Moon delivered this disturbing news very calmly without a hint of witchiness, which meant that either she was so stunned by the murders, she’d reverted to Mary Anne Finkelbaum—her real name—or she was the o
ne who’d cut the guy wires. I made a mental note to remember not to turn my back on her, particularly since she had won the annual Nowhere Trout Gutting Contest two years running.
Leaving the Murrays to stare blindly at the remains of their Thanksgiving dinner—not to mention at the remains of each other—Moon and I mushed on to the other crime scenes, which except for tablecloths and china patterns were all pretty much the same.

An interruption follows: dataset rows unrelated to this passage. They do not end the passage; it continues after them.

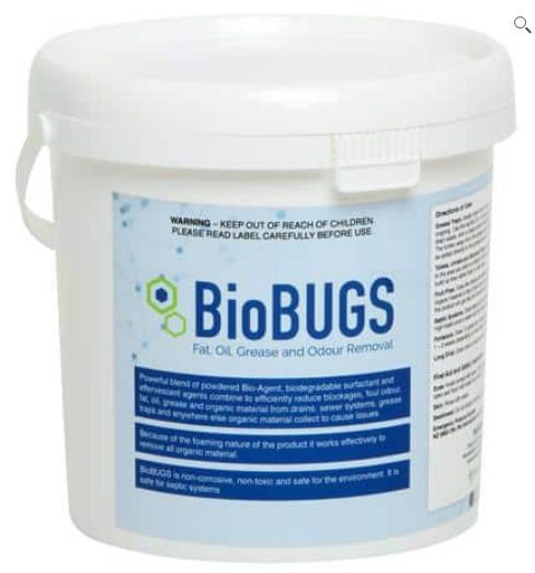 Bio-BUGS is a powerful blend of powdered bio-agent, biodegradable surfactant and effervescent agents combining to efficiently reduce blockages, odour, fat, oil, grease (FOG) and organic materials from drains, sewer systems, grease traps and anywhere else organic material collects to cause issues.
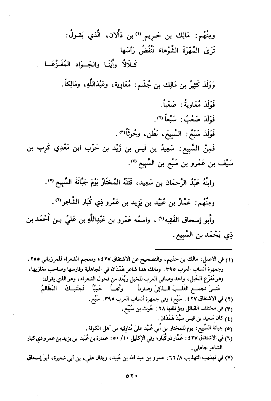 فمن السبيع: سعيد بن قيس بن زيد بن حرب ابن معدي كرب بن سيف بن عمرو بن سبع بن السبيع.
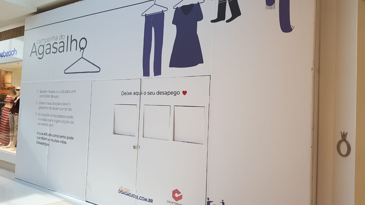São José dos Campos, 25 de julho de 2019 – O CenterVale Shopping, em parceria com o Fundo Social de São José dos Campos, inaugurou na última sexta-feira, dia 19 de julho, o Espaço Conceito da Campanha do Agasalho. Localizado no Piso Dutra, ao lado da Pandora, o espaço busca arrecadar cobertores, roupas novas e em bom estado para garantir, no inverno, a proteção de famílias em situação de vulnerabilidade social. As doações poderão ser feitas até o dia 31 de agosto.
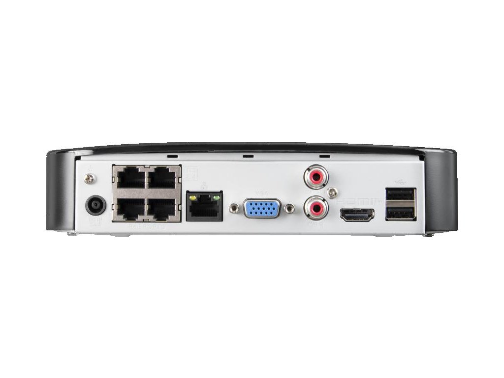 Rejestrator IP 4 kanałowy marki BCS LINE. Przystosowany do współpracy z kamerami o rozdzielczości maksymalnej 12Mpx. Wbudowany 4 portowy switch PoE 36W.
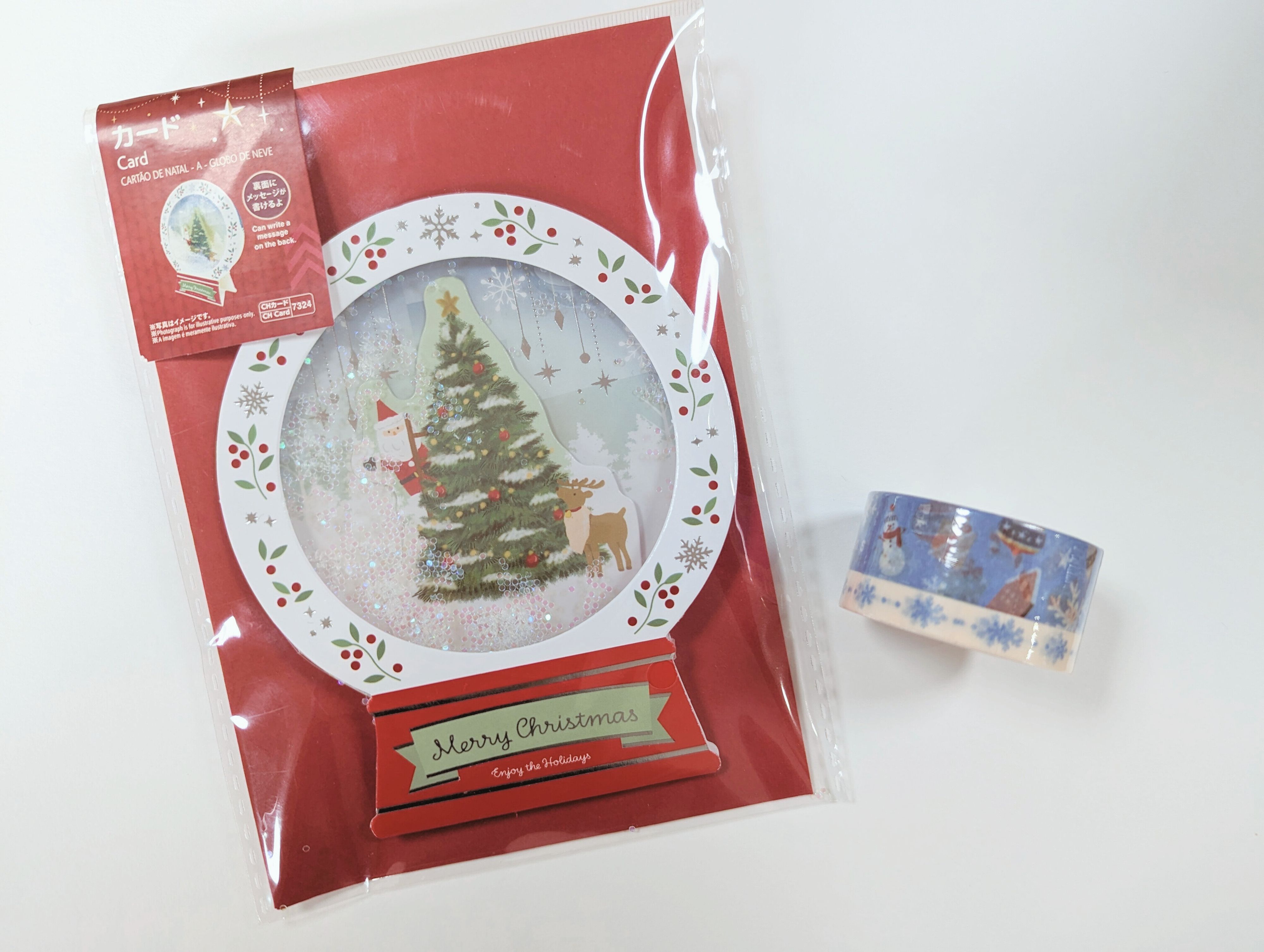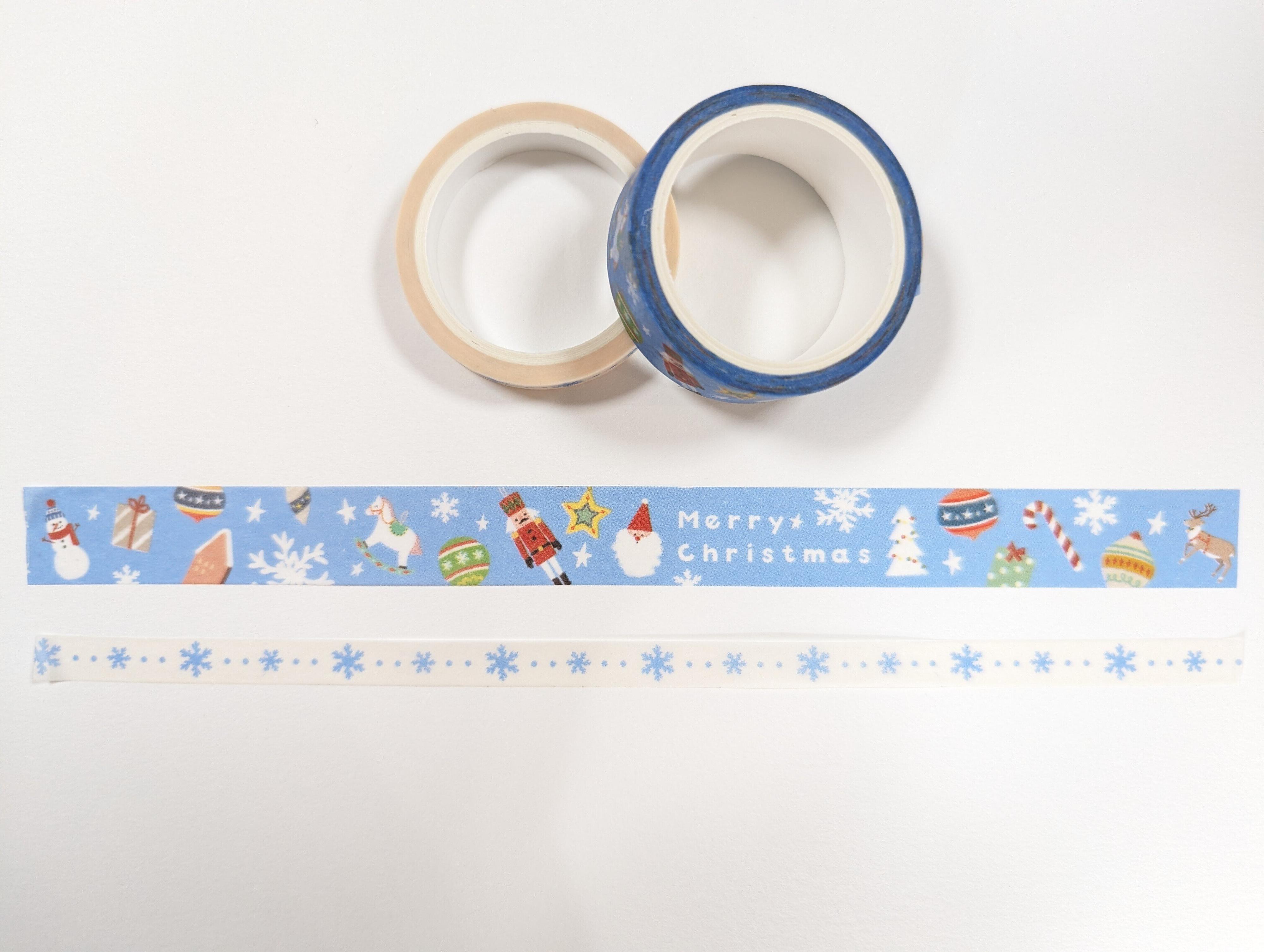 ほかにも、カードの封やギフトラッピングに使えそうな、クリスマスデザインのマステが2つセットで110円。1.5cm幅と0.7cm幅の使いやすい2サイズです。
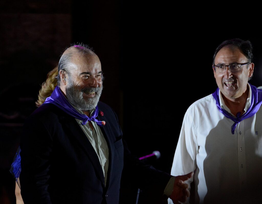 El actor cántabro Antonio Resines ha pronunciado el pregón popular de la fiestas de San Antolín de Palencia, en la imagen junto a la concejal de Fiestas, Laura Lombraña; y el alcalde Mario Simón. / Brágimo (ICAL)
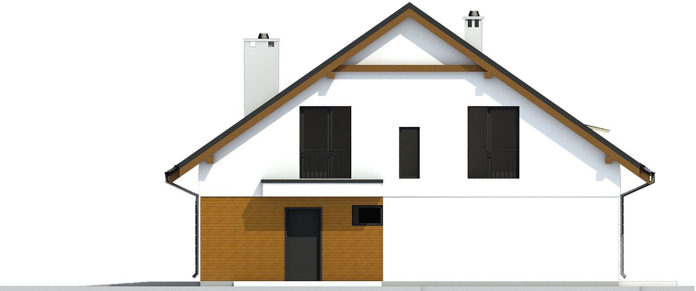 Projekt charakteryzuje się zwartą bryłą w tradycyjnym stylu, idealnie wpisującą się w zabudowę bliźniaczą. Przykryty dwuspadowym dachem z kalenicą równoległą do drogi, dom prezentuje się klasycznie i ponadczasowo. Takie rozwiązanie konstrukcyjne jest nie tylko estetyczne, ale również sprawdzone i ekonomiczne w realizacji. Uroku dodaje klasyczny okap dachowy, a dodatkowe doświetlenie poddasza zapewniają trzy okna połaciowe. Garaż został zgrabnie wkomponowany w bryłę budynku, tworząc spójną i harmonijną całość.

We found three people dead with their throats slit at the Vandenbergs’, who were planning to have pecan pie instead of pumpkin; ditto four at the Patuks’, who had been eating fresh cranberry relish instead of jelly out of a can; two at the Jensens’, who favored red cabbage and apples over green beans; four at the Bonnevilles’, who had exactly the same meal on their table as the Murrays except they’d used large marshmallows instead of miniatures; three more at the Da Silvas’, who preferred baked potatoes to mashed; and last of all poor old Hiram Hark, who would have been the town drunk if there hadn’t been so much competition for the title.
Seeing Hiram sitting there with his throat slit made me feel particularly blue. He was a harmless old guy who often brightened up my mornings by yelling “Lookin’ good, Yvette!” when I snowshoed by his place on my way to Patuk’s Hardware, Tack, and Groceries. For Thanksgiving, he’d cooked himself an entire turkey even though he had no prospect of ever finding a female to share it with. There are five men to every woman in Nowhere, and that includes me whose taste doesn’t run to men and Moon who believes celibacy gives her the power to channel Isis.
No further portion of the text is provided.